Similarly, correct “short” decisions in the monkey were associated with a more pronounced negative potential in the first 100 ms (t_cluster =13475; p_cluster < 0.0001), a more pronounced positive potential around 200 ms (t_cluster = −71.18; p_cluster = 0.004) and a more pronounced negative potential around 300 ms (t_cluster = 120.28; p_cluster = 0.004; Fig. 3F). A qualitatively similar pattern of results was observed when selecting trials with the same objective (but differently perceived) duration (t_cluster = 1147; p_cluster < 0.001; Fig. 3G). Moreover, this pattern of results was significantly reversed for incorrect trials (t_cluster = −71.96; p_cluster < 0.001; t_cluster = −333.35; p_cluster < 0.001; Fig. 3H). In addition, relative firing rate in the monkey was more pronounced for correct “short” decisions around 300 ms for all trials (t_cluster = −197.68; p_cluster = 0.002; Fig. 3I) as well as for trials matched for duration (t_cluster = −139.48; p_cluster = 0.004; Fig. 3J), and this pattern of results was reversed for incorrect trials (t_cluster = 252.63; p_cluster < 0.001; Fig. 3K).

Note that a qualitatively similar pattern of results was obtained when using a baseline correction of 200 ms prior to the offset of the stimulus (see Fig. S3).

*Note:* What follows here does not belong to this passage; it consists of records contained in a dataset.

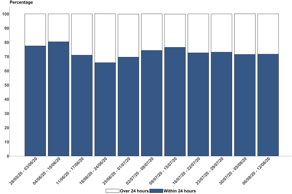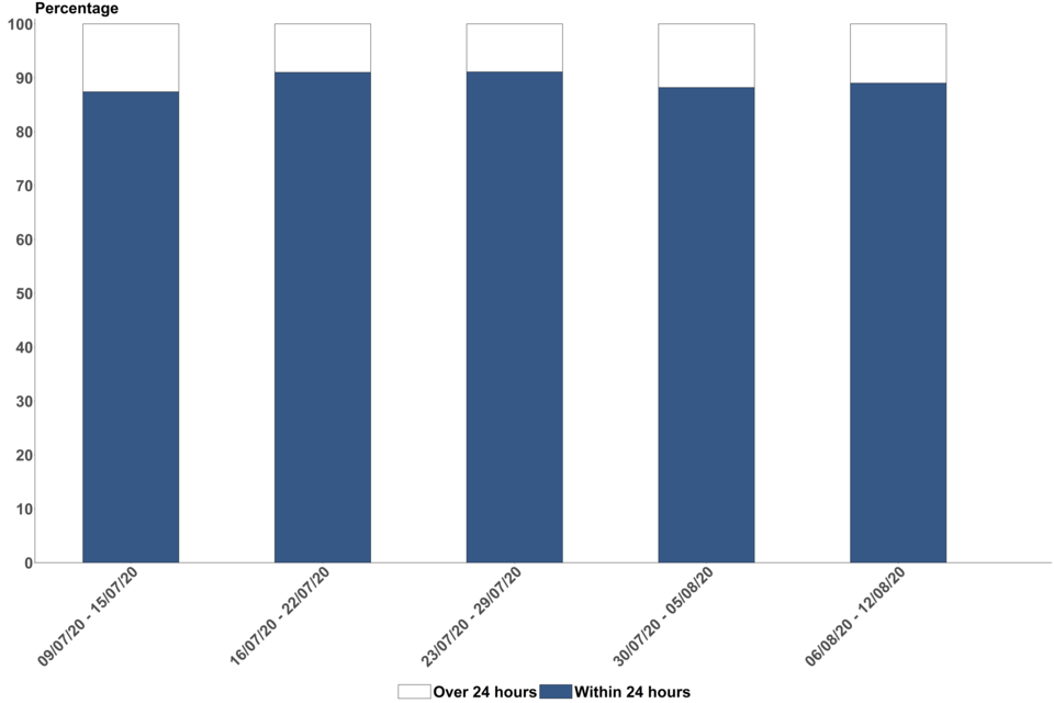 Almost 9 out of 10 pillar 1 test results were made available within 24 hours of the laboratory receiving the test. This proportion has remained similar since reporting began from 9 July
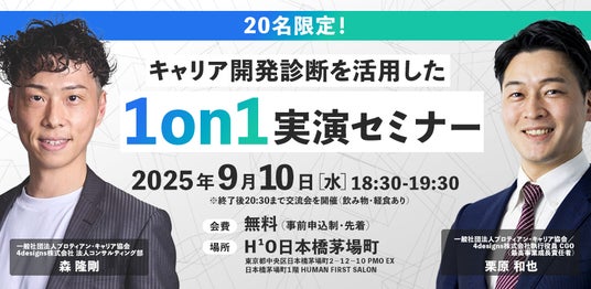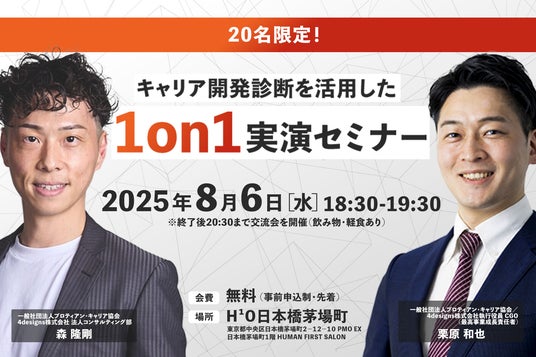 このたび、8月6日(水)18:30より、代表理事/法政大学キャリアデザイン学部 教授・田中研之輔が監修を務める「キャリア開発診断」を活用し、“使える対話”へとつなげる1on1の進め方を実演形式で紹介する対面セミナーを開催いたします。ご参加の皆様には、事前に診断を無償体験いただき、当日は結果をもとにした対話をリアルに体感していただきます。1on1の運用に課題を感じている方、人事施策のブラッシュアップを図りたい方におすすめの内容です。
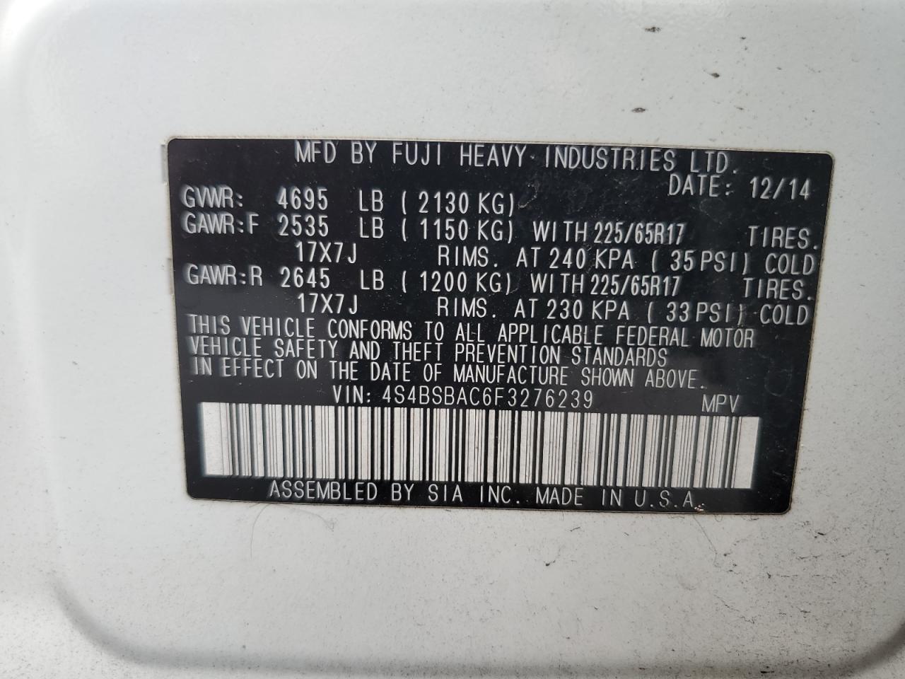 2015 SUBARU OUTBACK 3.6R LIMITED
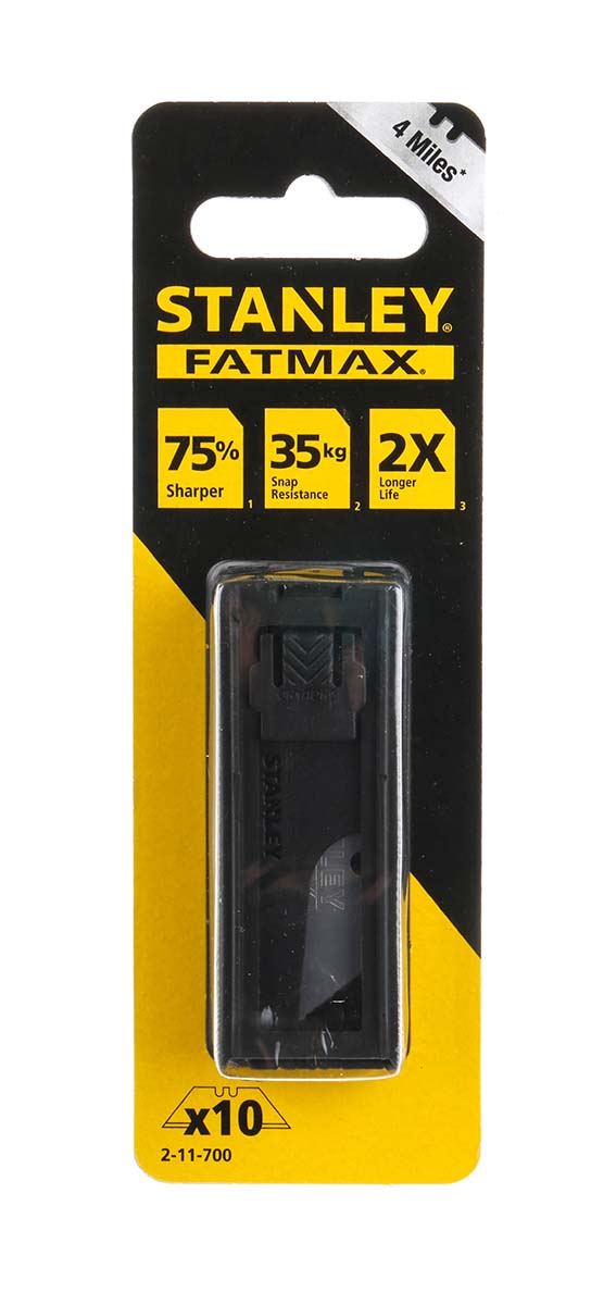 This is General Purpose Fixed Blade Knife Knife Blade 1 Blade Segments manufactured by Stanley FatMax. The manufacturer part number is 2-11-700. It has a safety knife blade type blade . Moreover, its blade is of flat shape . The product consists of 10 pieces.
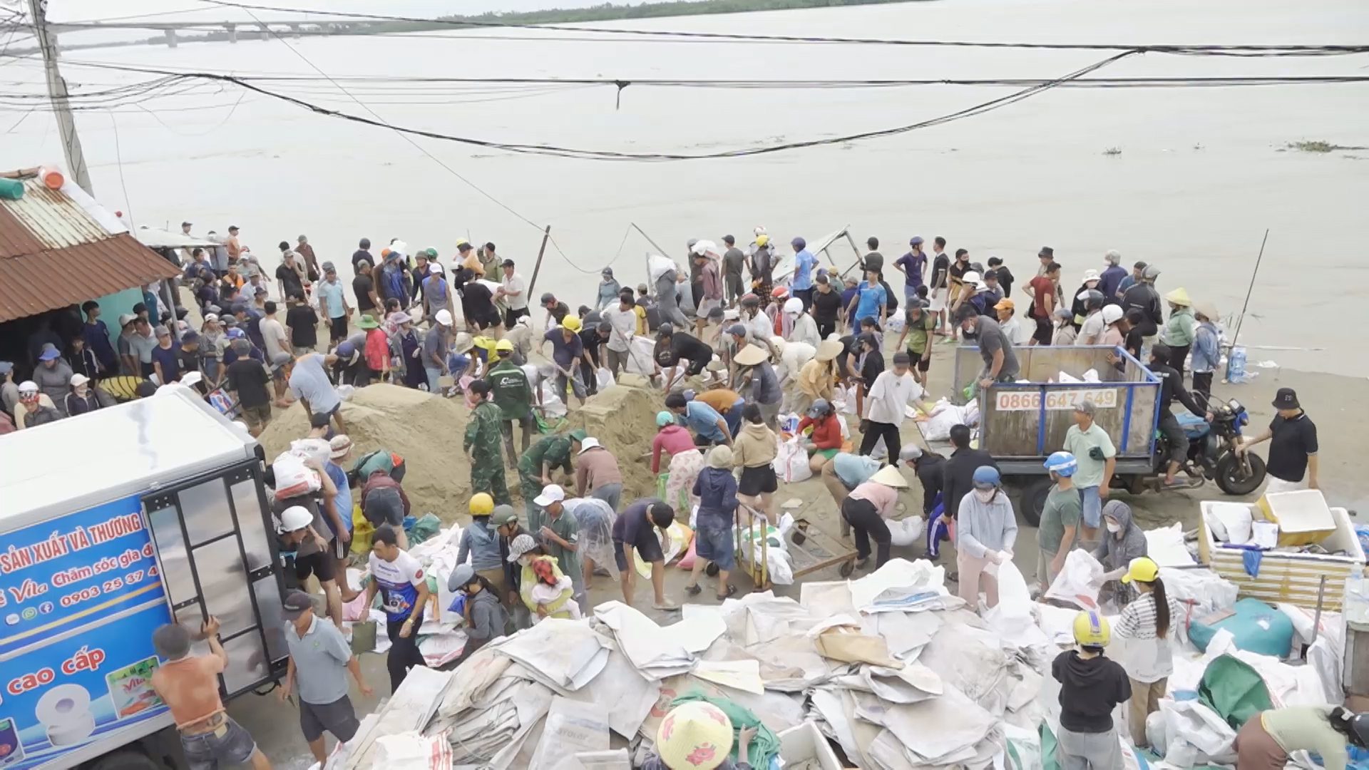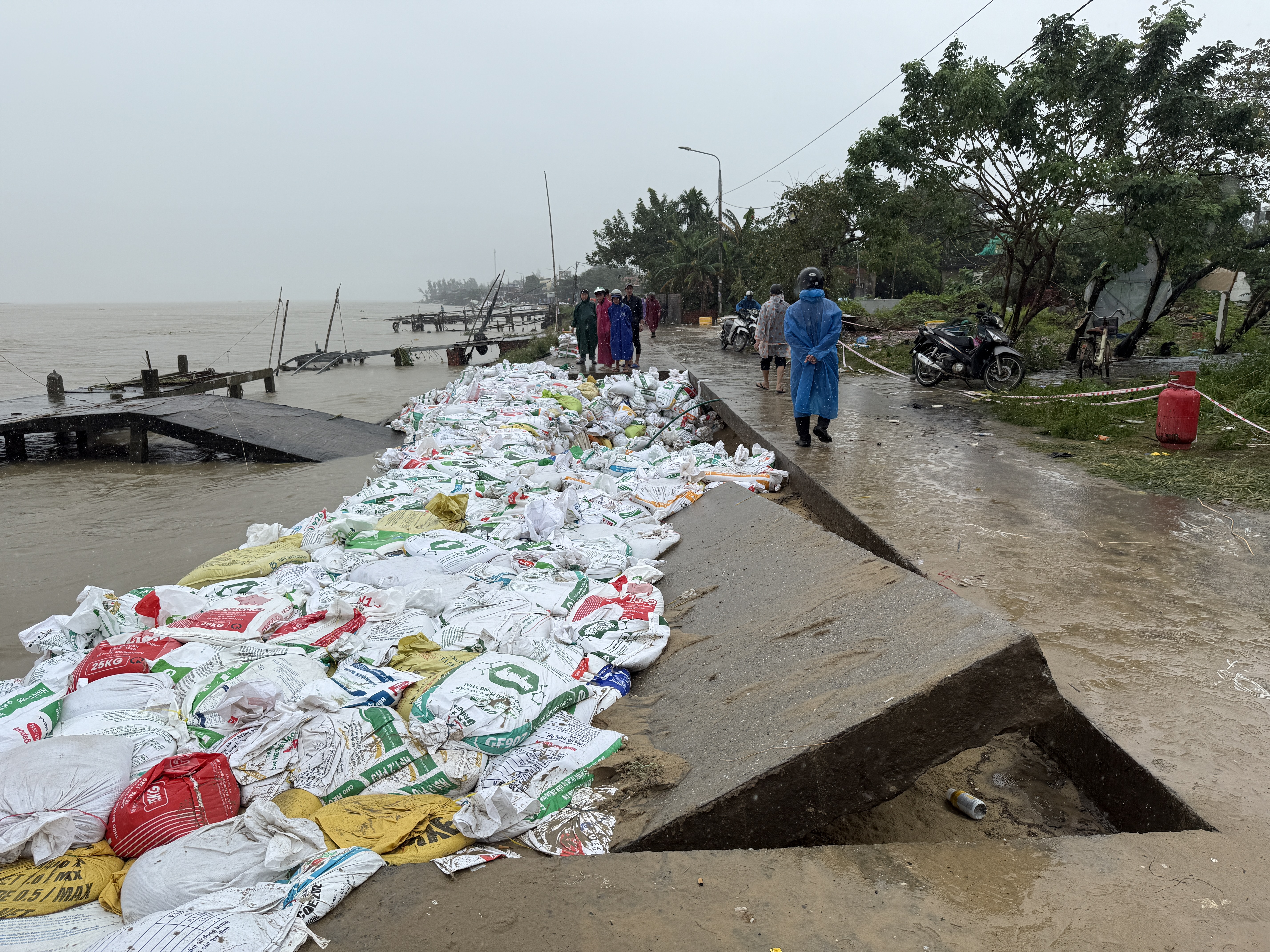 Hàng chục ngàn bao tải cát được người dân và các lực lượng vận chuyển để gia cố các điểm sạt lở
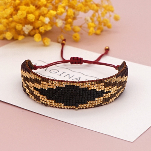 PandaHall Miyuki Seed Braided Bead Bracelet, Wide Band with Rhombus Pattern Friendship Bracelet for Women, Sandy Brown, 11 inch(28cm) Glass... Price: $8.05 | PandaHall
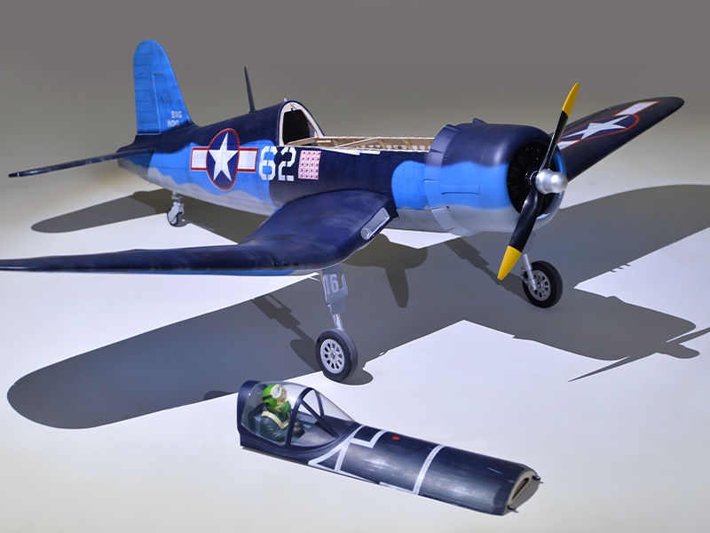 Elektro oder Verbrenner Dieses Modell kann beides! Die Konstruktion ist sowohl für den Elektro-Antrieb als auch für den Antrieb mit Verbrennungsmotoren vorbereitet. Die einzige Frage ist also: mordsmäßiger Sound oder lieber absolute Effizienz? Eigenschaften: • Elektro- oder Verbrennerbetrieb möglich • extrem leichte und hochfeste, lasergeschnittene Balsa-/Sperrholzkonstruktion • hoher Vorfertigungsgrad, fertig bespannt und lackiert • abnehmbare Tragfläche für einen einfachen Transport • funktionsfähige Landeklappen • abnehmbare Kabinenhaube • detailliertes Cockpit mit Pilotenfigur • viele Scale Details • inklusive elektrischem, stoßdämpfendem Metall-Einziehfahrwerk • inklusive gefedertes Bugfahrwerk • hervorragende Flugeigenschaften Technische Daten: • Spannweite: 1800 mm • Länge: 1467 mm • Fluggewicht: ca. 6.600-6.800 g • Flächeninhalt: 56,0 dm² • Flächenbelastung: 117 g/dm² • Flächenprofil: Naca Benötigtes Zubehör: • Fernsteuerung: mind. 6 Kanäle • Empfänger: mind. 6 Kanäle • Antrieb: Elektro (1600-2200W, 450KV) oder Verbrenner 26-30ccm • Luftschraube: entsprechend dem Antrieb • 2x Standard Servo D-Power DS-570BB MG Querruder • 2x Standard Servo D-Power DS-570BBMG Landeklappen • 1x Standard Servo D-Power DS-570BB MG Höhenruder • 1x Standard Servo D-Power DS-570BB MG Seitenruder • (1x Standard Servo für Gas) • Spinner 44mm Elektro-Antriebsempfehlung: • Brushless Motor: D-Power AL50-04 • Brushless Motor Set: D-Power SET BL-Motor AL50-00 & Regler 80 • Akku: D-Power KRAFTPAKET 5000 6S LIPO 22,2 V 35/70C – XT90 Verbrenner-Antriebsempfehlung: • Motor: 120 2-Takt oder 140 4-Takt oder 26-30ccm • 1 zusätzliches Standard Servo für Gas

In order to quantify the qualitative similarities between the monkey and human ERPs, we performed a cross-correlation analysis. Specifically, we computed the Pearson correlation coefficient between the average human and monkey ERPs across conditions for different time lags. This analysis revealed that human and monkey ERPs were maximally correlated for a lag of 31 samples (maximal r-value = 0.83; see Fig. 4AB). For this lag, the majority of the electrodes showed significant correlations after correction for multiple comparisons (p_fdr < 0.001). Correlations were positive for frontocentral electrodes and negative for occipital electrodes (Fig. 4A).

Together, these results show that: (i) post-interval potentials in monkey pre-SMA and human frontocentral EEG are similar and reflect perceived time durations, and (ii) some of these differences are also mirrored in firing rates modulations in the monkey.